*PROBLEM STATEMENT*. Set down, exactly and only, everything from the line containing "CP: CIRCA 2010,Merlo,P60.10,Telehandler,4" down to the line containing "Atelier Plan Pur" in the data below; the pictures are not part of the copy.

*MATERIAL FOR THIS EXERCISE*.
========================================================================
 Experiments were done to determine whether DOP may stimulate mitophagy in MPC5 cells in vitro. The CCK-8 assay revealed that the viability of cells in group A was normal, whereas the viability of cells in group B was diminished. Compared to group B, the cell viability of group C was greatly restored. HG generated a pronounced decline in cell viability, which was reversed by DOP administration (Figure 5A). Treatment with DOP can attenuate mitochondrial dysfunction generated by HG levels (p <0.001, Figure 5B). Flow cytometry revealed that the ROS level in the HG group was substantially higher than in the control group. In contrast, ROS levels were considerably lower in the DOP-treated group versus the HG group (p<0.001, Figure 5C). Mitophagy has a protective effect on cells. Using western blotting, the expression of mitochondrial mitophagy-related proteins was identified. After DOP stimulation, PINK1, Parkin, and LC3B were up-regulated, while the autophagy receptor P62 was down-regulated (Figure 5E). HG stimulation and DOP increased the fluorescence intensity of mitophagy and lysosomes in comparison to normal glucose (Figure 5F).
========================================================================
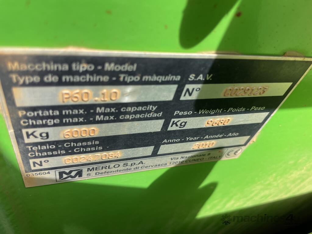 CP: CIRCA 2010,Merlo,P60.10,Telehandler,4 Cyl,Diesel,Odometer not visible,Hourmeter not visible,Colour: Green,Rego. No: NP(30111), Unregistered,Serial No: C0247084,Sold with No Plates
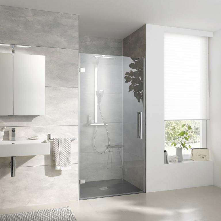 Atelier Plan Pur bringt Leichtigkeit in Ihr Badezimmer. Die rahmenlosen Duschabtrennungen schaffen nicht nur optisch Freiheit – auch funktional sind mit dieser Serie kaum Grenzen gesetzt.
========================================================================
*REPLY*.
 CP: CIRCA 2010,Merlo,P60.10,Telehandler,4 Cyl,Diesel,Odometer not visible,Hourmeter not visible,Colour: Green,Rego. No: NP(30111), Unregistered,Serial No: C0247084,Sold with No Plates
 Atelier Plan Pur bringt Leichtigkeit in Ihr Badezimmer. Die rahmenlosen Duschabtrennungen schaffen nicht nur optisch Freiheit – auch funktional sind mit dieser Serie kaum Grenzen gesetzt.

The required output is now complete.